Combination Chemotherapy in Treating Patients With Stage III or Stage IV Malignant Peripheral Nerve Sheath Tumors

Sarcoma Clinical Trial

Official title:

Phase II Trial of Chemotherapy in Sporadic and Neurofibromatosis Type 1 Associated High Grade Malignant Peripheral Nerve Sheath Tumors

Clinical Trial Details — Status: Completed

Administrative data

• NCT number: NCT00304083
• Other study ID #: SARC006
• Secondary ID: SARC-006NCI-06-C
• Status: Completed
• Phase: Phase 2
• Start date: December 2005
• Est. completion date: June 2014

Study information

• Verified date: May 2018
• Source: Sarcoma Alliance for Research through Collaboration
• Contact: n/a
• Is FDA regulated: No
• Study type: Interventional

Clinical Trial Summary

RATIONALE: Drugs used in chemotherapy, such as doxorubicin, ifosfamide, and etoposide, work in different ways to stop the growth of tumor cells, either by killing the cells or by stopping them from dividing. Radiation therapy uses high-energy x-rays to kill tumor cells. Giving combination chemotherapy with or without radiation therapy before surgery may make the tumor smaller and reduce the amount of normal tissue that needs to be removed. Giving combination chemotherapy after surgery may kill any tumor cells that remain after surgery.

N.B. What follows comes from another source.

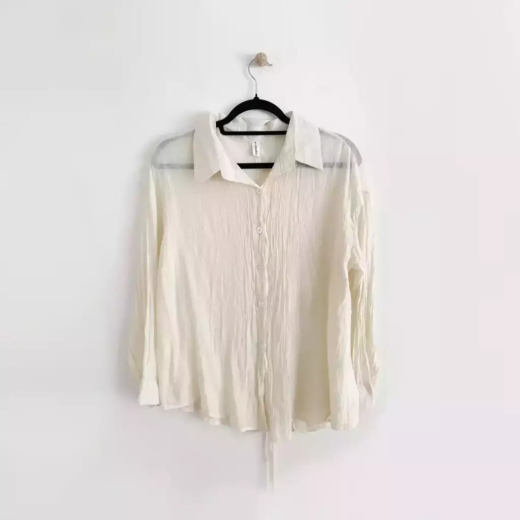 Camisa color hueso satinado con espalda abierta, ideal look de playa, fresca y etérea. Diseño con botones y nudo en espalda. Detalle de sutiles marcas en frente (última foto), oportunidad.

PURPOSE: This phase II trial is studying how well combination chemotherapy works in treating patients with stage III or stage IV malignant peripheral nerve sheath tumors.

Description:

OBJECTIVES:

Primary

• Determine the clinical response rate (complete and partial) in patients with sporadic or neurofibromatosis type 1 (NF1)-associated high-grade stage III or IV malignant peripheral nerve sheath tumors (MPNSTs) after treatment with 4 courses of chemotherapy comprising doxorubicin hydrochloride and ifosfamide (IA) followed by etoposide and ifosfamide (IE).

Secondary

• Evaluate the utility of fludeoxyglucose F18 positron emission tomography (^18FDG-PET) and automated MRI volumetric tumor analysis as tools to assess response to treatment.

• Correlate response evaluation by 2-dimensional WHO criteria, 1-dimensional RECIST criteria, ^18FDG-PET, and volumetric MRI with percent necrosis in tumor specimens from patients who undergo surgery for local control after chemotherapy.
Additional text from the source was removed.